FIG. 3 is a diagram of one embodiment of a network element implementing the method and system of automatic and systematic ASPP. The network element 203 can be a router or similar networking device. The network element 203 can include an ingress module 301 and egress module 303. The ingress module 301 and egress module 303 can handle the physical layer and transport layer processing of incoming and outgoing data traffic, respectively. The incoming data traffic is forwarded to the network processor for further processing including layer 3 processing. Data traffic is received from the network processor 305 to be forwarded on any port and communication link of the network element.

The network element 305 can be any type of processing devices or set of processing devices for handling data traffic processing and routing. The network processor 305 can implement a range of functions and services as integrated circuit components or in software executed by the network element 305. The components can include a BGP module 307, a set of BGP routing tables 309, and an ASPP module 311.

The BGP module 307 handles the maintenance of the BGP routing tables 309 and the processing of the BGP announcements received from neighboring routers as well as the forwarding of these BGP announcements amongst other BGP function. The BGP module 307 stores and updates routing information derived from the BGP announcements in the BGP routing tables 309. These BGP routing tables 309 can be stored in working memory within the network processor 305 or in memory external to the network processor 305. The BGP module 307 can also communicate with the ASPP module to determine an ASPP value for outgoing BGP announcement messages that affect a desired traffic engineering goal configured for the AS in which the network operator has specified and which is implemented by the ASPP module 311. This configuration can be stored within the ASPP module 311, the network processor 305, the network element 203 or at an external location accessible to the network element 203.

The ASPP module 311 can include an AS topological module 313, a link categorization module 315, a comparable path module 317, a load balancing module 319, a back-up provisioning module 321, a traversal avoidance module 323 and a comparable path array 325. These modules can be separated modules in communication with the ASPP module 311, integrated in any combination with the ASPP module 311 or BGP module 307 or similarly Implemented. The modules can be discrete hardware components such as integrated circuits or can be software executed by the network processor 305.

The AS topological module 313 collects routing information from the BGP routing table 309 to generate a topological map of the network in which the network element 203 resides. The AS topological module 313 can also optionally retrieve routing and reachability data from an external server that collect BGP announcement data. This topological map can be used to calculate paths across the topological map that are comparable.

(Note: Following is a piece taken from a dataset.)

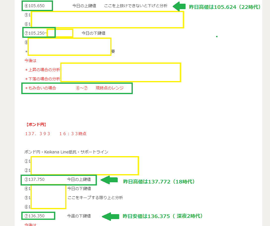 *ポンド円は、昨日時点(今朝まで)では、分析安値いっぱいの⑦までの下落でした。

The link categorization module 315 utilizes the topological map generated by the AS topological module 319 and categorizes the relationship associated with each link between the AS's in the topological map. The links can be categorized relative to the AS implementing the system and method. The links can be provider links that connect the AS to a provider AS. The links can be customer links that connect the AS to a customer AS. The links can be peer links that connect the AS to other peer AS's. This information can be added to the topological map generated by the AS topological module 313 or can be separately stored.

The comparable path module 315 calculates a set of comparable paths for a particular prefix. These comparable paths have similar characteristics in regarding to meeting local preferences and similar BGP path selection criteria. Comparable paths can also be considered as those paths where the modification of the relative ASPP for these path will affect the routing of data traffic. The identification of comparable paths is discussed in further detail herein below. These comparable paths are stored in the comparable path array 325 for use by the load balancing module 319, back-up provisioning module 321 and traversal avoidance module 323.

The load balancing module 319 utilizes the comparable path array 325 to select an ASPP vector to spread data traffic traversing the AS of the network element 203 according to the configuration of the network operator. The back-up provisioning module 321 utilizes the comparable path array 325 to select an ASPP vector to ensure that one path is preferred over another path that is to serve as a back-up to the first path. The traversal avoidance module 323 utilizes the comparable path array 325 to select an ASPP vector to direct data traffic away from paths that traverse a particular AS defined by the configuration information. The functions of these traffic engineering modules 319, 321 and 323 are described in further detail below.

FIG. 4 is a flowchart of one embodiment of the process implemented by the automatic and systematic ASPP method and system. In one embodiment, the process is initiated by gathering AS level topological data from the BGP routing tables of the network element (Block 401). Any amount of information can be gathered about the AS level topology from the BGP routing tables to create a view relative to the AS of the network element, as a single view from a single AS may not be complete.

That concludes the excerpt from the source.